With the vast sums of money invested into large projects like the Eurotunnel (approximately £9.5bn), it amazes observers that important information (i.e. the affect of the cold weather) would not be considered beforehand. However, this situation is fairly common in projects that use groundbreaking technologies in extreme environments. These types of projects occur under conditions of uncertainty and great risk. It is common for these projects to experience unexpected ‘hiccups.’ The best case scenario in these types of projects is to plan as to avoid life threatening catastrophes and to have contingencies plans in case of emergencies.2. How could the decision-making process have helped in both the response to the crisis situation and in preventing it from happening?
Better planning is always suggested after the fact. Consideration of the effects of extreme weather could have been made part of the testing of the train and track equipment before it was put into use. While the situation was developing, emergency plans should have been in place to deal with a possible breakdown and better communication equipment made available. Eurostar should have been clued into possible problems when other forms of transportation broke down during the extreme weather. It is important to note that Eurostar did take the necessary actions after the incident to correct communication problems and retrofit train equipment.3. Could procedures, policies, and rules play any role in future crisis situations like this one? If so, how? If not, why not?

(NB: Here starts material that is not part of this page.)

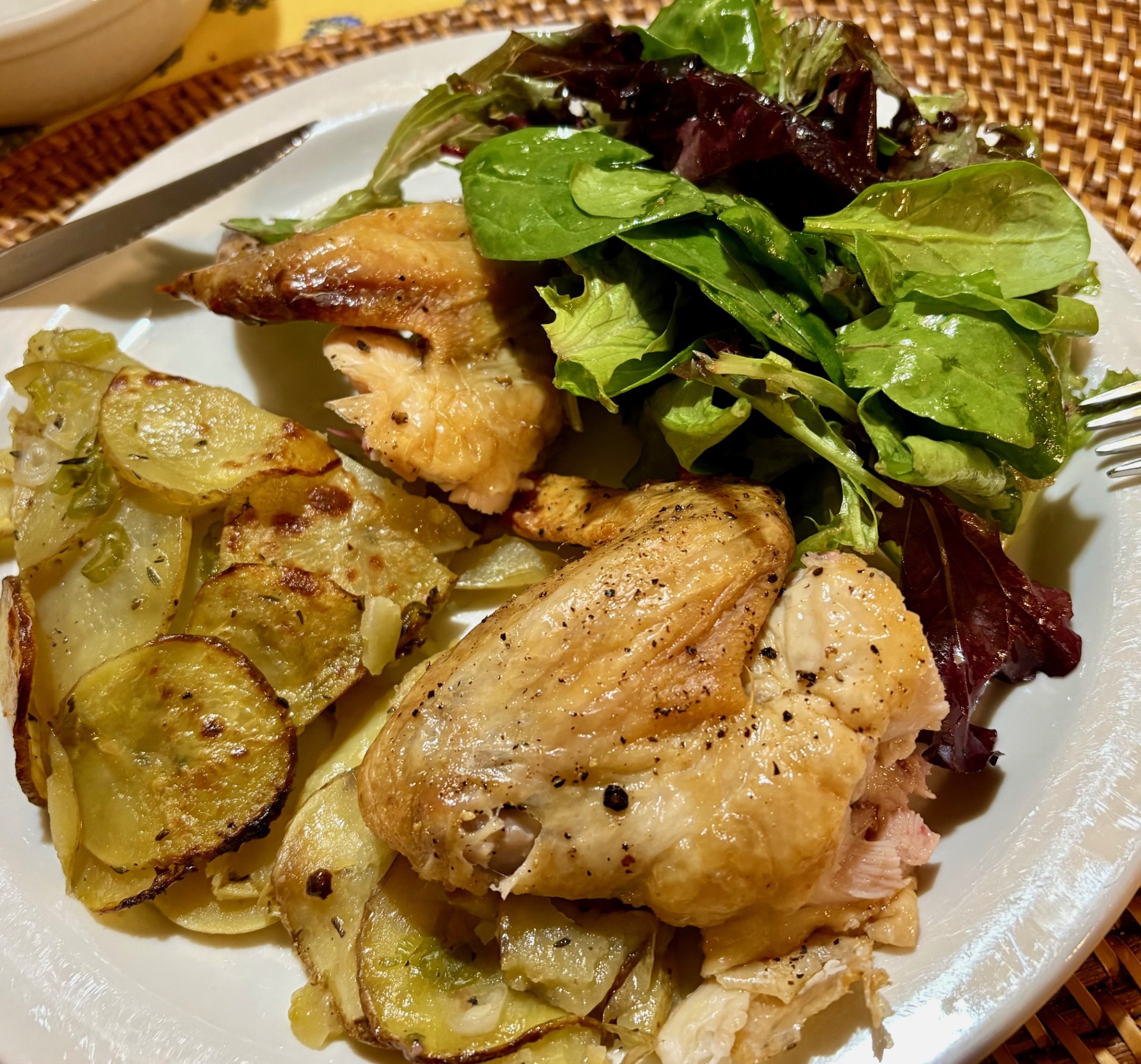 Tonight . Half tomatoes and potatoes with rosemary. Served with a salad and ground chuck patty . Cheers .

Students may not be aware that most companies have plans for dealing with emergencies. Airlines are a good example of firms that practice risk management. These firms develop contingency plans for minor and worse case scenarios. Employees are trained in how to handle emergencies and backup/emergency equipment is distributed throughout the organization. However, unexpected emergencies are by their very nature difficult to plan for. It is almost impossible to plan for every emergency. For example, after the first space shuttle disaster, NASA grounded the entire program and put together a small army of engineers and scientists to mitigate risk to the crew. Unfortunately, the shuttle program by nature is risky and again suffered the loss of another ship and crew.4. What could other organizations learn from this incident?
As the adage goes, ‘accidents happen.’ Learning from mistakes and the actions that a company takes during an event like this is what’s important. Ask students if they have experienced a similar situation. Students may be able to relate to being stuck in a plane on a runway or in a hotel when services were down. How did the company respond?